- [Supplied records]:
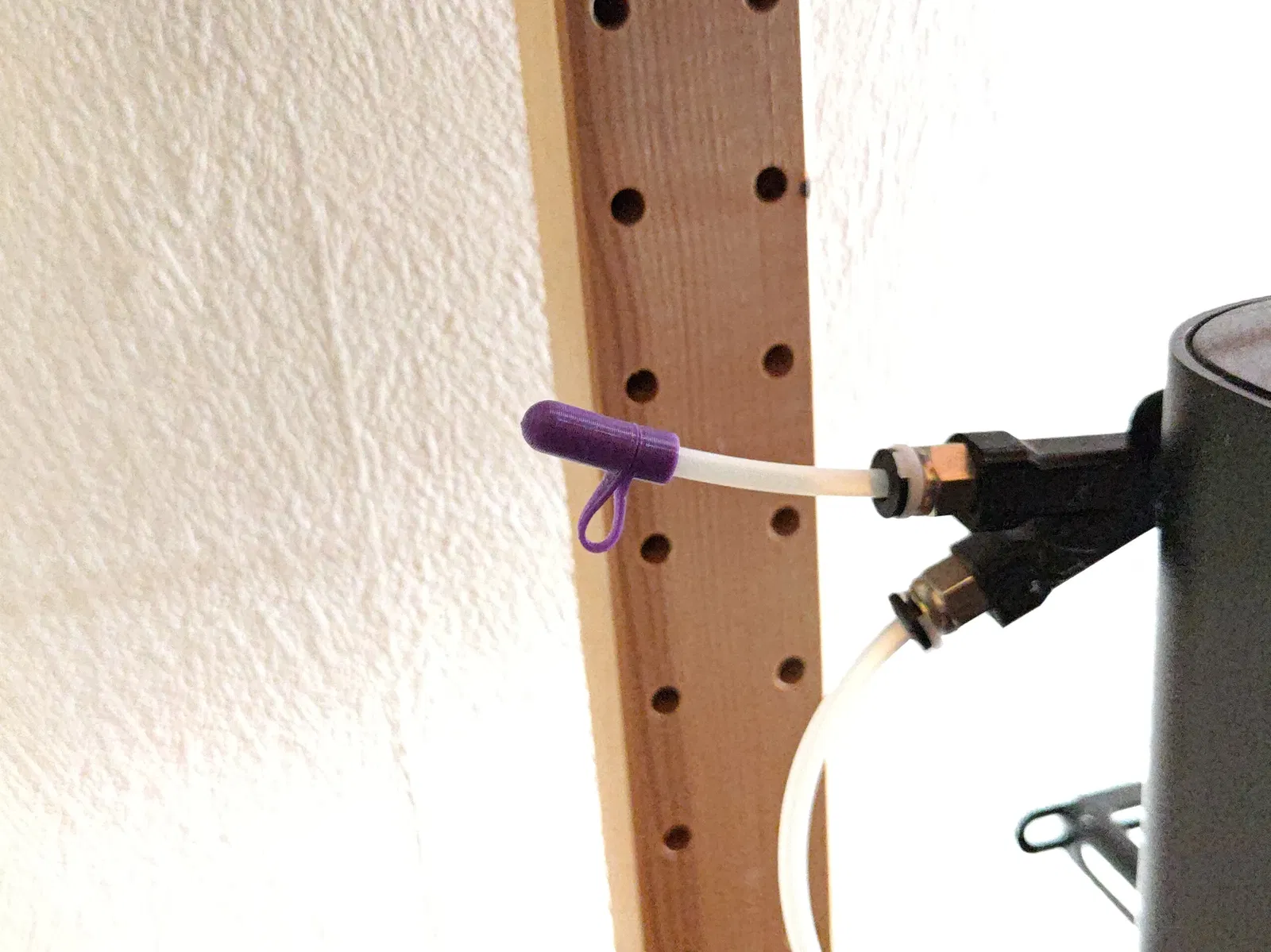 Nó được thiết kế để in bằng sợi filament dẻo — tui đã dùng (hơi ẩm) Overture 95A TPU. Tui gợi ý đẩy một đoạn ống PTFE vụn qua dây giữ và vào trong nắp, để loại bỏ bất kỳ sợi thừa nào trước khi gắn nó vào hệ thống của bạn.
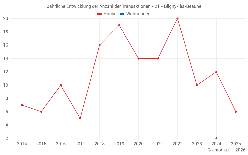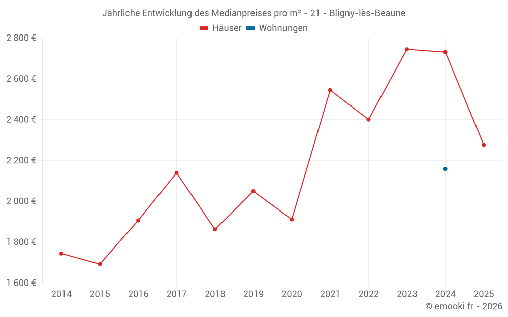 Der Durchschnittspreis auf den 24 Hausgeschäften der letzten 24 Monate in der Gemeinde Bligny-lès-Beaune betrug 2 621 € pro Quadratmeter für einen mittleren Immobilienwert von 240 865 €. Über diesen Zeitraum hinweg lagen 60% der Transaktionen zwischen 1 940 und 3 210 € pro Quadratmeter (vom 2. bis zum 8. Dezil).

* * *

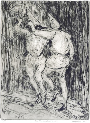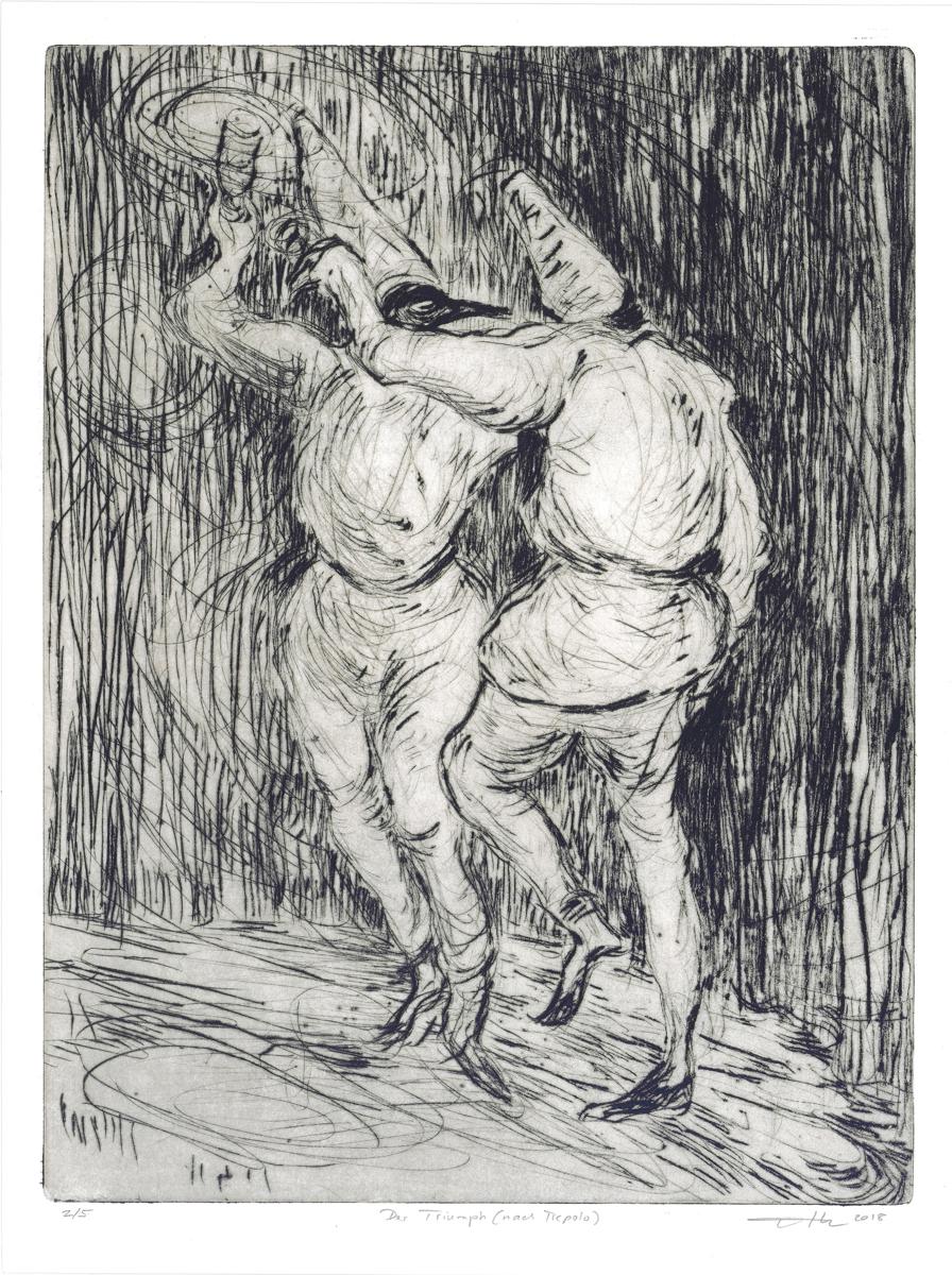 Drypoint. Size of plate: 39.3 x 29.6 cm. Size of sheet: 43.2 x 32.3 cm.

- [Exercise requirements]: Working from the entries above, reproduce exactly and only the lines beginning with the line that has "Nó được thiết" and ending with the line that has "Der Durchschnittspreis auf"; omit all pictures.

- [Output of the task]:
 Nó được thiết kế để in bằng sợi filament dẻo — tui đã dùng (hơi ẩm) Overture 95A TPU. Tui gợi ý đẩy một đoạn ống PTFE vụn qua dây giữ và vào trong nắp, để loại bỏ bất kỳ sợi thừa nào trước khi gắn nó vào hệ thống của bạn.
 Der Durchschnittspreis auf den 24 Hausgeschäften der letzten 24 Monate in der Gemeinde Bligny-lès-Beaune betrug 2 621 € pro Quadratmeter für einen mittleren Immobilienwert von 240 865 €. Über diesen Zeitraum hinweg lagen 60% der Transaktionen zwischen 1 940 und 3 210 € pro Quadratmeter (vom 2. bis zum 8. Dezil).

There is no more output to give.